I have the servo driver (mx-04) connected to a servo. I know this servo controller is of limited capacity, but I was wondering if servos all have a kind-of "jerky movement at very slow speed or is this an issue caused by the limits of the controller? Such as; the pulse width or frequency? OR is there a different servo I should get? Maybe a slower servo?
Can we get a really smooth movement from a servo at slow… really slow… speed?
You probably need to better define the magnitude of the jerky behavior you are observing. I’ve tested a cheap servo and the smallest movements it can make are approx. .5 deg increments.

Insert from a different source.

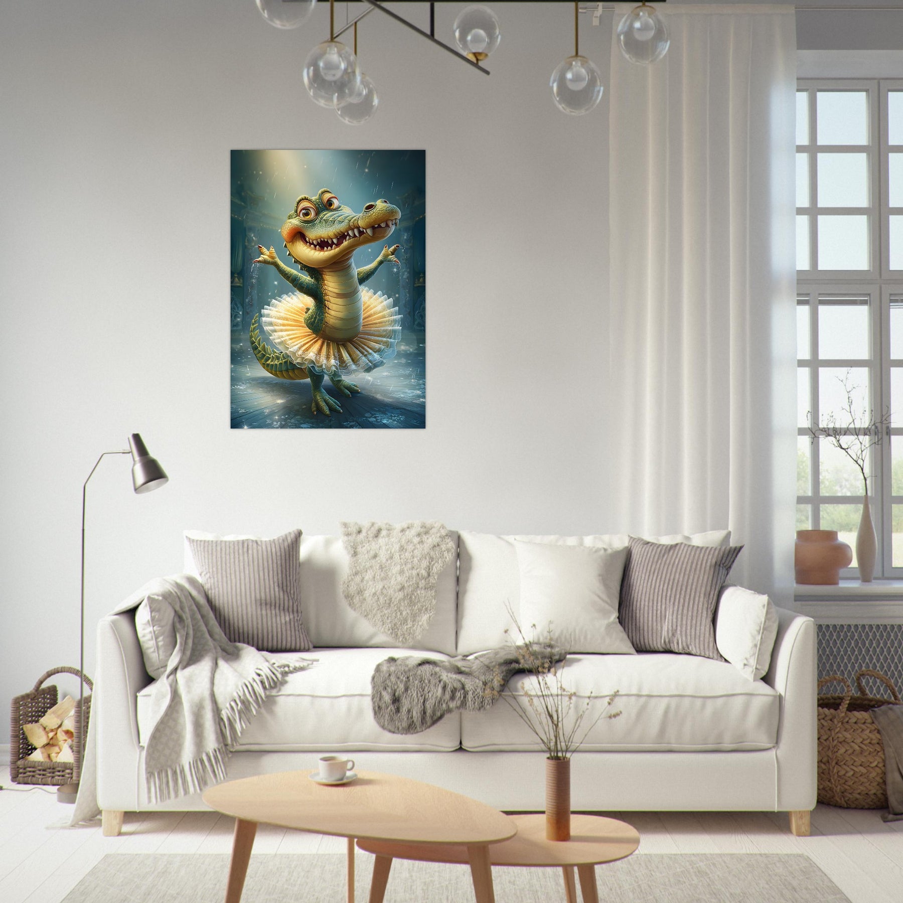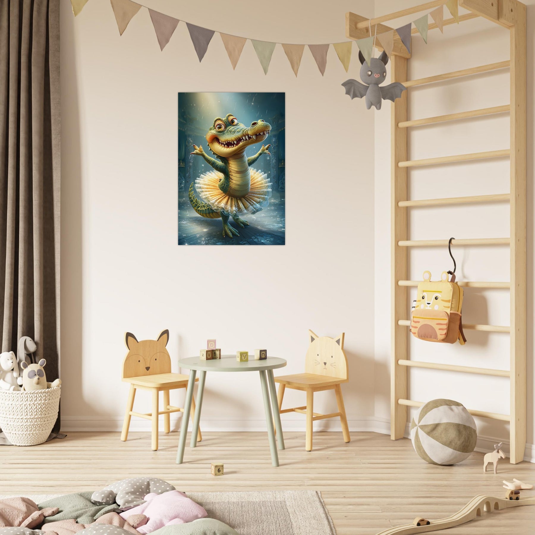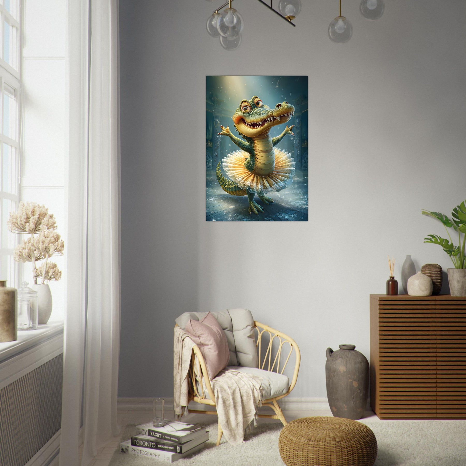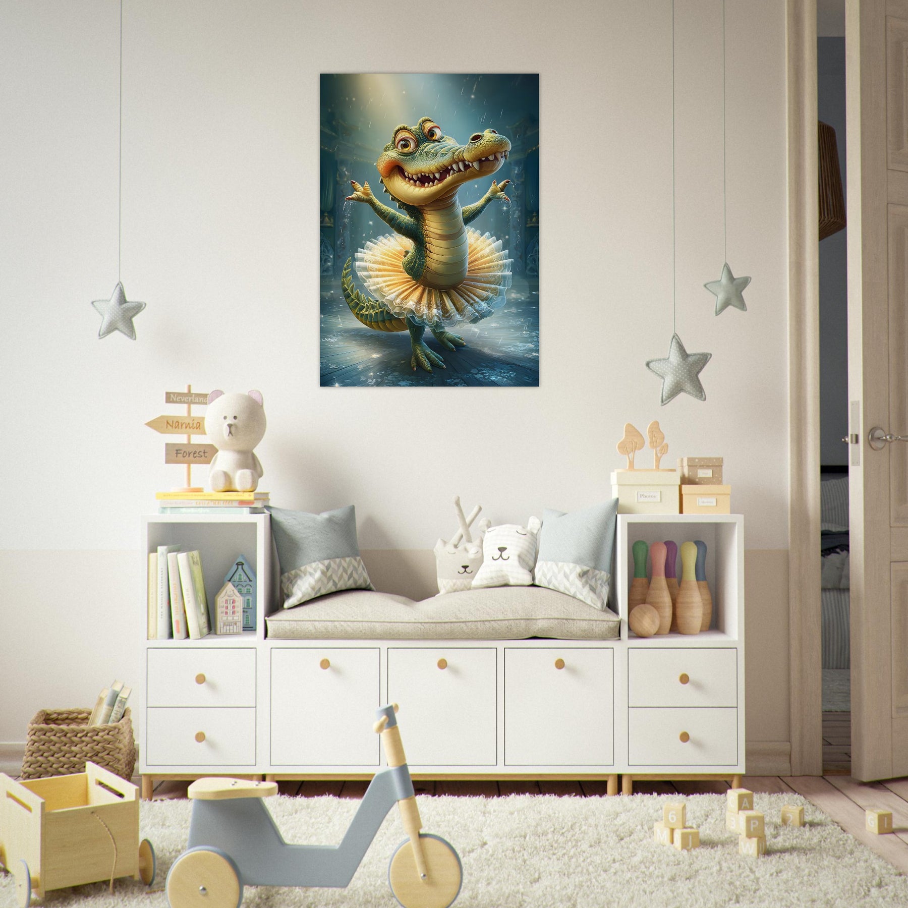 Bring laughter, grace, and imagination into your child’s room with the Ballet in Scales Aluminum Wall Art. This whimsical illustration features a charming crocodile dressed in a delicate tutu, performing a graceful ballet dance under the spotlight. Set against a vibrant stage filled with color and charm, this delightful artwork captures the perfect balance between humor, creativity, and artistic beauty — a true celebration of joyful self-expression.

Servo jerkiness can be caused by a number of factors. A lot of time, it comes from overshoot of the commanded position, which can be limited in a number of ways:
Running the servo against some small amount of load can tend to reduce the overshoot, as it has to actually do a bit of work to get to the commanded position. Note that depending on how much and the method by which this load is imposed can have an effect - possibly detrimental - on your positioning accuracy and the ability to hold a position steadily. Also, too much load can make the servo work hard all the time, leading to premature failure.
Running the servo at a lower voltage means that it will be less “peppy” when trying to move it a commanded position, and will therefore be less likely to overshoot its target. You’ll lose a bit of torque, but if you’re only moving something light, this might not be a huge factor. Speed is also reduced, but you’ve already said that you’re trying to go slow.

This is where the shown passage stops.